Something happened and my fonts got changed, the default to Times New Roman 16. I've changed the size to 12, which looks approximately right, but the letters in an edit's comment field and the subject/headline of this question are tiny. How can I reset it all to the standard defaults? Clarityfiend (talk) 03:28, 14 May 2015 (UTC)[reply]

Resolved

Is dosbox a emulator or a virtual machine?

[edit]

Is dosbox a emulator or a virtual machine?201.79.82.81 (talk) 12:54, 14 May 2015 (UTC)[reply]

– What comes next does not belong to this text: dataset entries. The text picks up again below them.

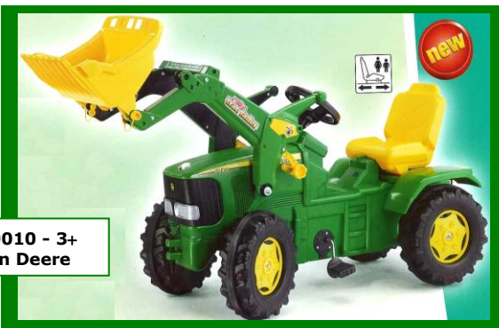
800010 - 3+ John Deere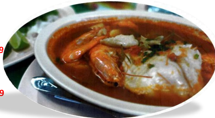
Sopa de Mariscos

Served with a side of onions, cilantro and lime.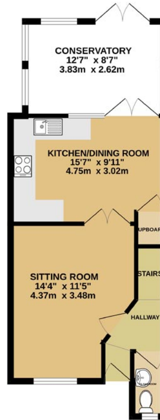
GROUND FLOOR 453 sq.ft. (42.1 sq.m.) approx.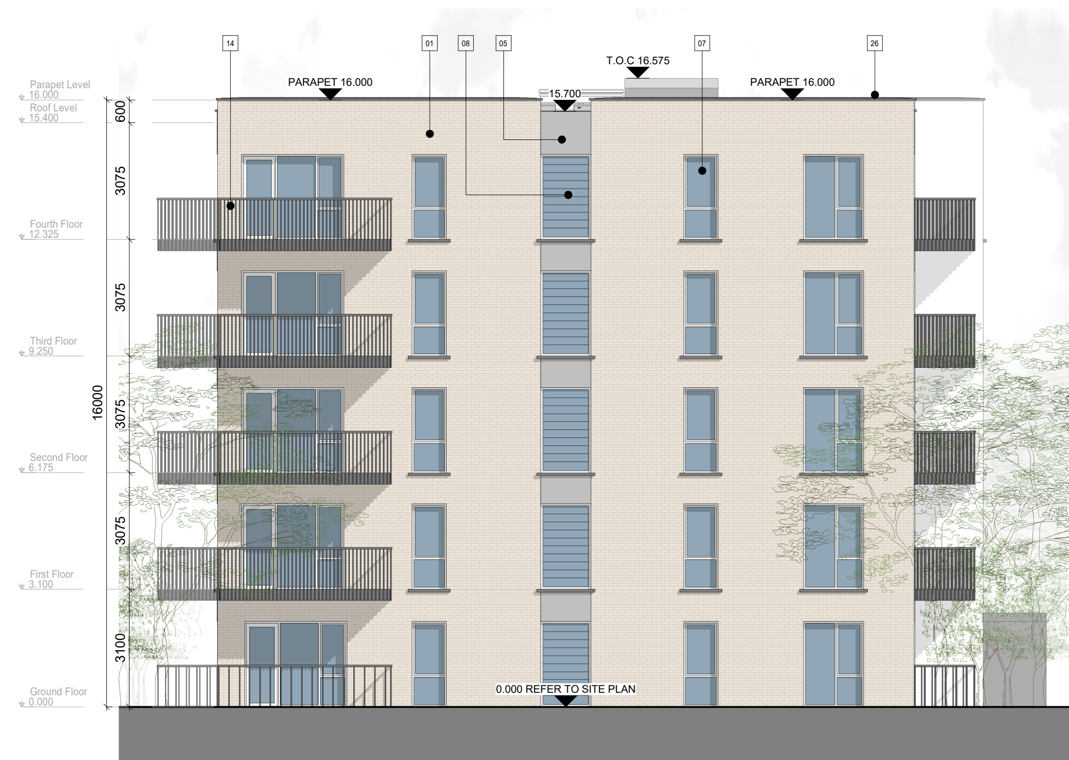
North Elevation SCALE: 1 : 100

DOSBox is an emulator. An emulator is a kind of virtual machine, which (despite the similar names) is quite different from hardware virtualization. -- Finlay McWalterTalk 13:05, 14 May 2015 (UTC)[reply]
Urgh. On reading the virtual machine article, it seems people are still using "virtual machine" both to mean a software-invented pretend computer (like DOSBox or the Java Virtual Machine) and the hardware-invented pretend sub-instance of a real computer (like VirtualBox or VMWare). -- Finlay McWalterTalk 13:30, 14 May 2015 (UTC)[reply]
DOSBox performs software simulation of individual i386 CPU instructions, so it is a full CPU simulator as well as a running instance of an operating system. The brief status summary hints at some implementation details: for example, if you dared to build and run DOSBox on a PowerPC platform, your simulated x86 processor's math functions would not be bit-exact. (Rather, the simulated 387 Floating Point extensions to the x86 processor would be implemented using libc and libm and would execute as native floating point instructions in the real machine's architecture).This means that DOSBox is not a pure virtualization of the CPU. Such bit-exact machine simulations are very rare, because they are so dramatically low-performance; but they do exist. For example, people who design CPUs wish to simulate the CPU at the gate-level and instruction level: this would be design verification (a standard subtask of EDA in the normal workflow to design digital logic and build it on silicon). It may be possible to emulate a full operating system and application software on top of such a virtual machine, if you're willing to wait a few days for the system to boot. Nimur (talk) 13:45, 14 May 2015 (UTC)[reply]
A long time ago I worked at a company which designed its own CPUs. The chip designers ran gate-level simulations of the whole device on clusters of workstation-grade machines. Thus simulated, it took a day or so just for the CPU to boot. It had hitherto not occurred to me that CPUs actually did anything in order to "boot"; I was wrong. -- Finlay McWalterTalk 13:56, 14 May 2015 (UTC)[reply]
And then there is the system described at [ http://dmitry.gr/index.php?r=05.Projects&proj=07.%20Linux%20on%208bit ]: a system that emulates a 32-bit ARM CPU/MMU on an 8-bit ATMega microcontroller. It takes two hours to boot Linux ( https://www.youtube.com/watch?v=nm0POwEtiqE ) and about a minute to respond to a command. the designer calls it the "cheapest, slowest, simplest to hand assemble, lowest part count, and lowest-end Linux PC." --Guy Macon (talk) 14:15, 14 May 2015 (UTC)[reply]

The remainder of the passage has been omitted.